Innenstadt beleben – Einzelhandel stärken

Auf unserer gestrigen Mitgliederversammlung haben wir uns zu den Entwürfen zum Einkaufsschwerpunkt Rudolf-Breitscheid-Straße positioniert. Als einzige Partei haben wir eine basisdemokratische Debatte über dieses wichtige Thema geführt und eine gemeinsame Position erarbeitet.

Wir sprechen uns für den Vorschlag von MIB aus, den wir für rundum gelungen halten. Den Vorschlag von FONDARA lehnen wir ab, denn eine Verengung der Rudolf-Breitscheid-Straße, eine riesige Tiefgarage unter der Freiheit und ein überdimensioniertes, weitgehend geschlossenes Center sind mit uns nicht zu machen. Beim Vorschlag von TenBrinke/ATP sehen wir noch Nachbesserungsbedarf, v.a. in architektonischer Hinsicht.

Den Beschluss unserer Mitgliederversammlung stellen wir hier im PDF-Format und als „normalen“ Text zur Verfügung:

Innenstadt beleben – Einzelhandel stärken

MIB ist die erste Wahl für den neuen Einkaufsschwerpunkt

Am 7. Juli wurden die Vorschläge der drei verbliebenen Investoren für ein neues Einkaufszentrum in der Innenstadt vorgestellt.
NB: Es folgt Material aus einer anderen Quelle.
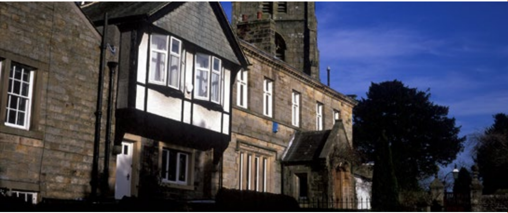
Bolton by Bowland

Waddington , with its babbling brook and beautiful Coronation Gardens, has earned the title of 'Best Kept Village in Lancashire' on many occasions. Before 1974 it was often the best kept village
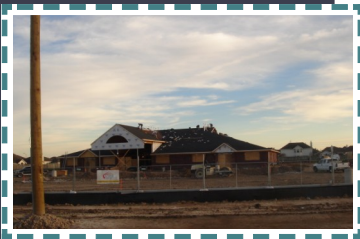
Kids R Kids Project in Richmond, Texas
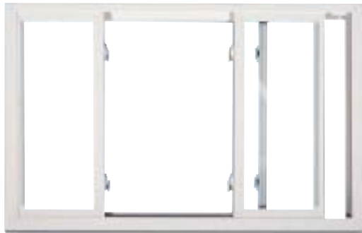
3-Lite Slider Window
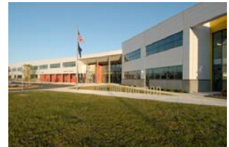
Simonsdale Elementary School
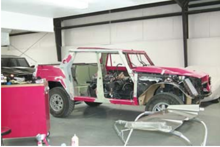
LM002 after an accident with much work already done, believe it or not.

Our body shop has been just as busy as the mechanical shop. Here are some photos of the many projects.
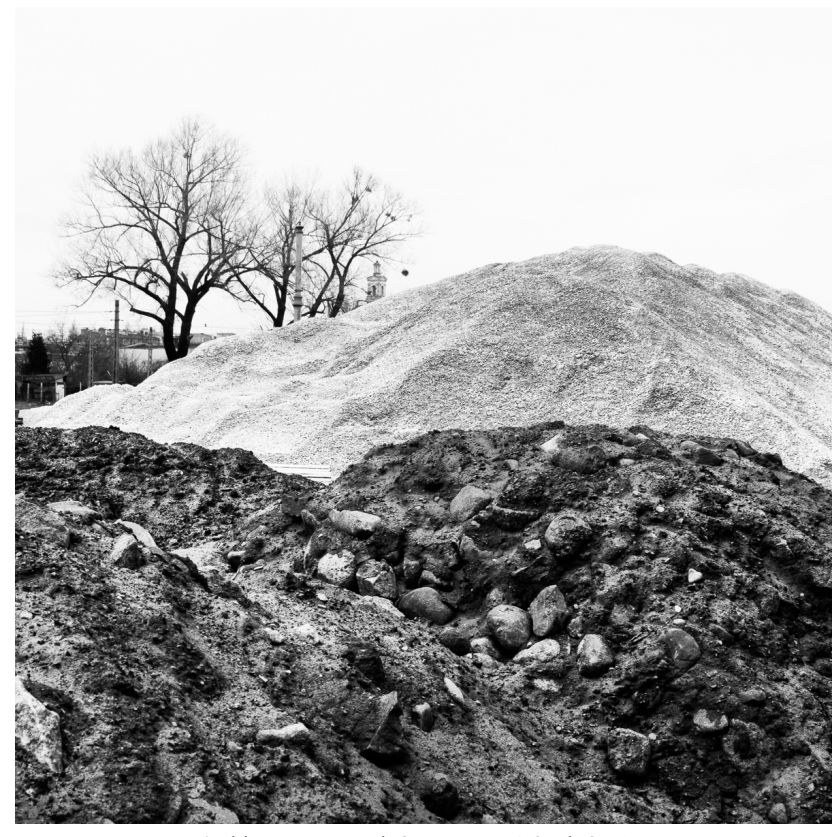
Post "How to find beauty in our daily routine?" (also below)

In a subsequent post ("How to find beauty in our daily routine?"), I mentioned that I am convinced that every day, in every place of our planet, everyone can spot a lot of fascinating worth eternalize sights photographs. The issue is that the vast majority of us do not see those magical sights. People are often too busy to focus on visual analyzing their surroundings. Moreover, those who notice odd views nearby them sometimes do not have the camera to make a picture. Finally, those who have cameras not always can catch this moment as good as they would wish like to.

Nach monatelangen Gesprächen hinter verschlossenen Türen ist die Intransparenz damit nun wenigstens teilweise zu Ende. Allerdings vermissen wir eine öffentliche Präsentation seitens der Stadt. Die FürtherInnen haben ein hohes Interesse an der Entwicklung dieses Einkaufszentrums gezeigt und die Stadt überlässt die Information den „Fürther Nachrichten“ und der Bürgerinitiative. Einmal mehr wurde die Chance auf direkte Kommunikation mit der Bevölkerung vertan.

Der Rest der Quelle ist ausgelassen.